Whatever, I reject the changes.

Next prompt. It appears again. Reject changes.

Next prompt. Again.

Claude, I asked you to migrate from fiber to echo, use echo’s binding feature, and then improve the error messages. Why are you changing a loop that’s used when generating a cookie?

This is when I realized that LLM agents do as much as possible at once to look “impressive” and save on computing power. When Claude does more things per request, they’re able to run fewer requests. Even if each request takes 50% more energy, if they can run 50% the number of requests, then they’re saving money. To add to this, the costs are passed to the consumer (that’s you!) as request fees and limits. If you only get 500 prompt requests using Zed’s $20 per month tier, then you might be motivated to make large prompts that do multiple things at once in order to not burn through your quota.
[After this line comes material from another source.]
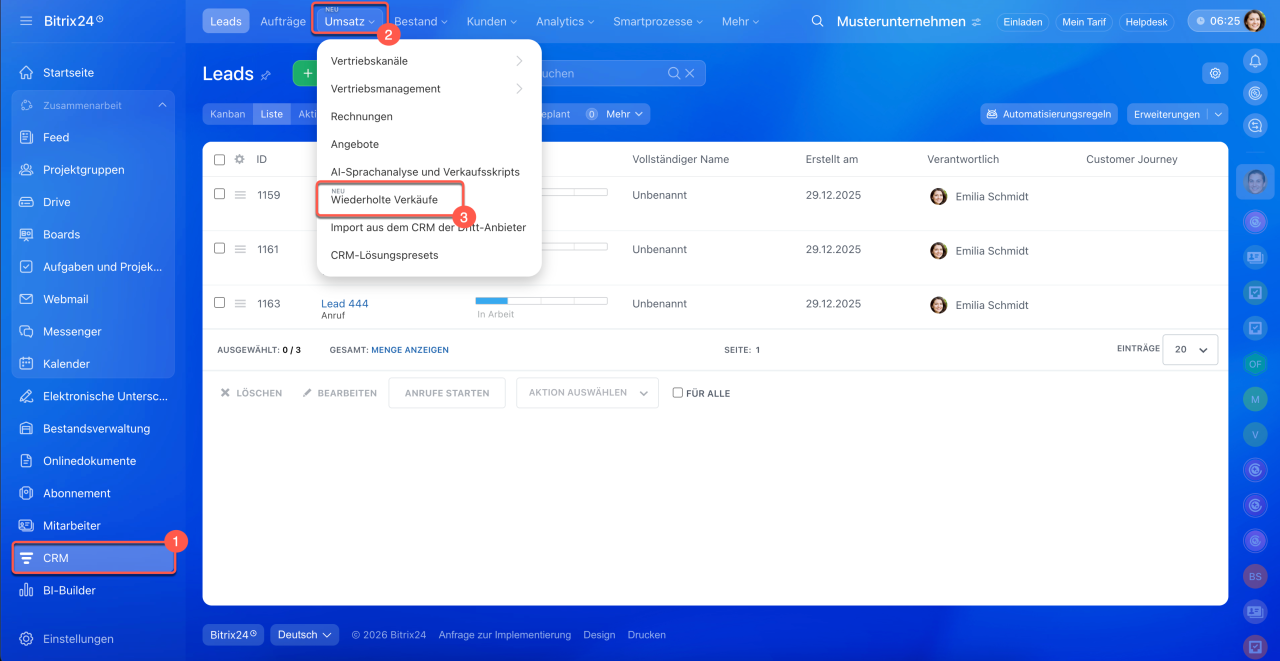 1–3. Öffnen Sie den Bereich CRM > Aufträge > wiederholte Verkäufe.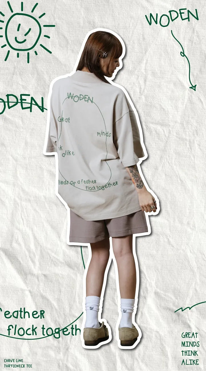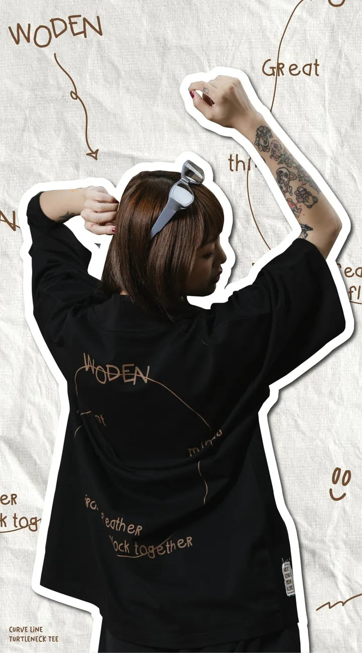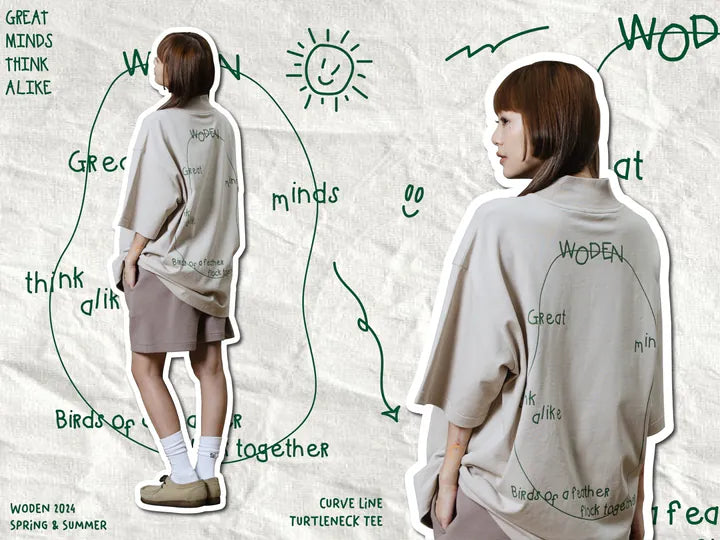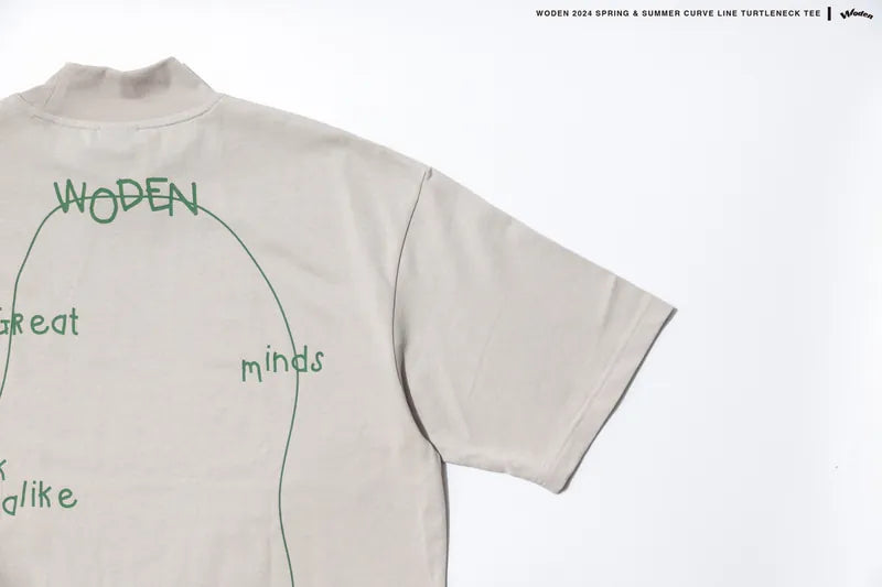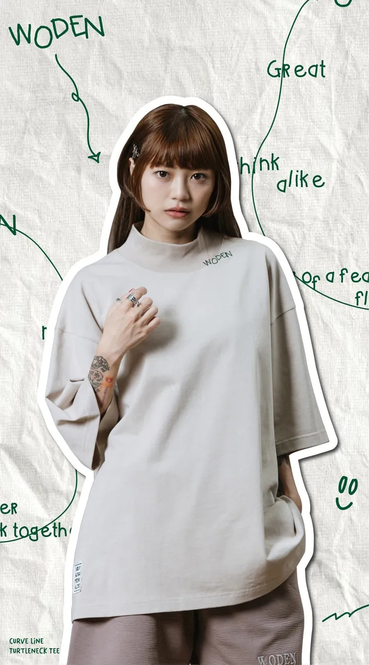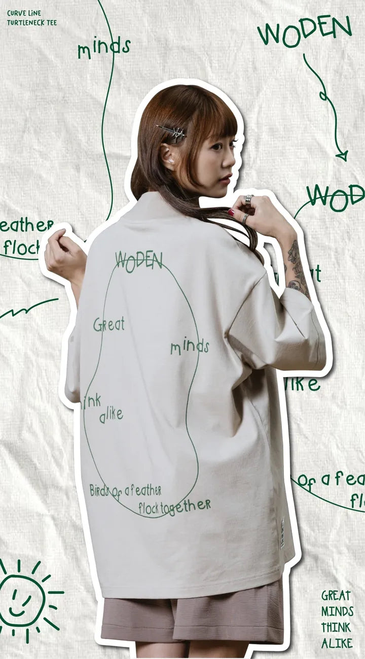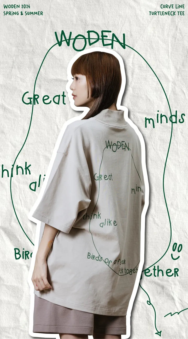 此款高領Tee以簡約風格呈現,並以手寫文字作為主視覺。細節部分,於正面領子羅紋處加入電繡WODEN手寫字體,右下擺則搭配不收邊布塊,並疊上手寫文字Slogan繡花呈現。背面則加入手繪線條和文字印花,與正面領口的手寫字體互相呼應,整體簡約但不失豐富細節。

That’s not good. At the current state (and maybe forever), LLM agents are best when making simple, isolated changes. If they do something wrong, it’s easier to spot a mistake in a bug fix diff rather than a bug fix and refactor diff. When using an LLM agent, you’re essentially becoming a code reviewer. When you review a PR, do you want to review a 50 line bug fix, or a 150 line bug fix and refactor? I know my answer, and LLM agents reward the wrong one.

What Now?

I’m not sure.

LLMs are called “plagiarism machines” in certain circles for a reason. Ethically, LLM models are created by and (“hopefully”) generate a profit for companies whose entire business model relies on IP laws while flagrantly ignoring those same IP laws to create those LLMs. Even if we solve all the other problems, we still have that to deal with. Do we admit that large corporations are allowed to pull a “rules for thee, but not for me” as long as we like the product enough? Do we give up all future LLM innovation by enforcing those IP laws? Or do we abolish IP laws entirely?

I’m not sure. We all have our theories, but no one knows what’s going to actually happen. Even if these large corporations lobby governments, those laws still need to be internally consistent. That’s difficult to do if you’re trying to strengthen and weaken IP laws at the same time. We haven’t even talked about how much money is being lost by these companies either. Prices will skyrocket, and no one knows whether the price to performance ratio will be adequate for LLMs to be worth using.

Will I continue using AI Agent editing? I don’t know. Maybe. Maybe not. What I do know is that I’m in a privileged position to competently use these tools. If you don’t know enough about coding, then you don’t know whether the code generated by the LLMs is working, let alone good. This also applies to developers using these tools in a language they are unfamiliar with as well.

The one thing I know is that these AI agents will be the minority of the lines of code I write. If I don’t write more lines of code than it writes for me, I will lose these skills I’ve spent years cultivating.

While I’m linking it for the sake of integrity, I want to be clear that giving any attention to this is the wrong thing to do.
And good Vim modes.
Yes, I know go vet is not testing, but I’ve been putting off writing a test suite for this blog for…a while.
Quick note, LLMs cannot “decide” anything. All they do is take in input and then spit it pseudo-random output. Sure, that pseudo-random output has been tuned to look like thoughts and decisions, but it’s not. LLMs are far more similar to the iOS keyboard’s autocomplete than actual intelligence.
For the unaware, go-playground/validator considers a field missing if it’s the zero value for a type. An empty string for a variable of type string would be missing, but an empty string for a variable of type *string would not be, because the zero value for *string is nil.